If these remarks have any semblance of plausibility to them, then the emphasis upon feelings and their satisfaction that has become commonplace is terribly misguided. 

There is, to be sure, a time and a place for feelings to have sway—but even then only some feelings.  But a society in which trust abounds is not one in which all that matters are feelings and their satisfaction.  Indeed, the two states of affairs are terribly at odds with one another.  Most poignantly, when feelings and their satisfaction are all that matter, then self-command is out of the question; and the Golden Rule simply cannot operate.

Trust is warranted only when we believe that others have the wherewithal to act as they should both in the present and in the future.  The Golden Rule asks each member of society, on behalf of each member of society, “Can you, oh citizen, be trusted to do what is right by others notwithstanding the moral pain that you have experienced?”  The survival of all societies is inextricably tied to how most members of society can answer that question. 

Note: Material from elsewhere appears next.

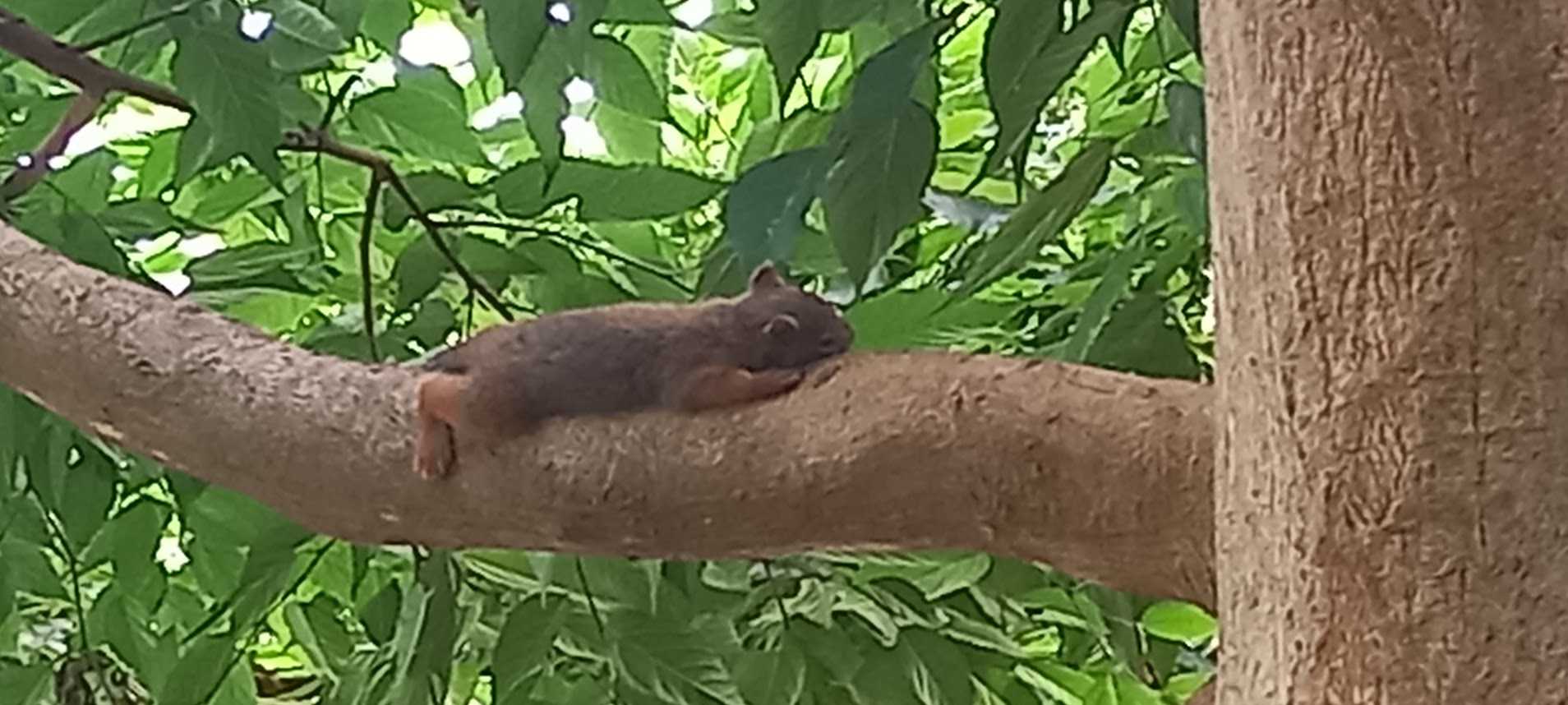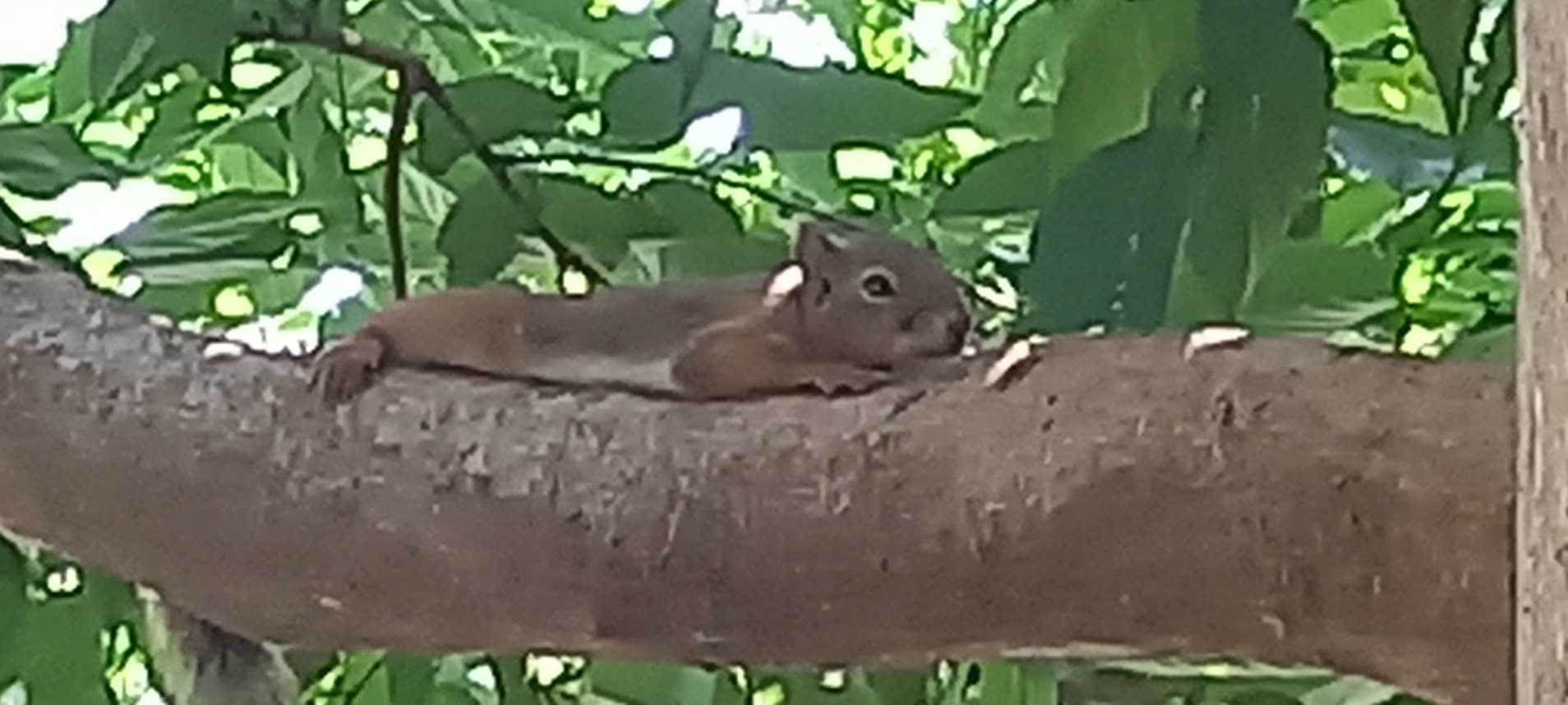 リスがそんな姿になるのは、猛暑の中で少しでも冷たいところに体を多く接して熱を逃そうという、涙ぐましい生存競争なのだとか。

I conclude with a somewhat chilling observation.  Human beings, unlike other species, can deliberately choose to do things that undermine the extent to which the members of society are trustworthy.  We have become artful at discounting the Golden Rule and our pre-occupation with our own mistreatment and injustices has been the raison d’être for our so behavior.  We have told ourselves that so-behaving constitutes an undeniable sign that we have self-respect. 

Alas, there is a fundamental difference between learning and fully appreciation the ways in which we have been wronged and wallowing in the wrong that we have suffered.  The latter, but not the former, is an excuse for ignoring the self-respect of others and so for ignoring the Golden Rule.  In turn, the latter also undermines the basic trust of society.  Whatever this might be called, it cannot rightly be called moral progress.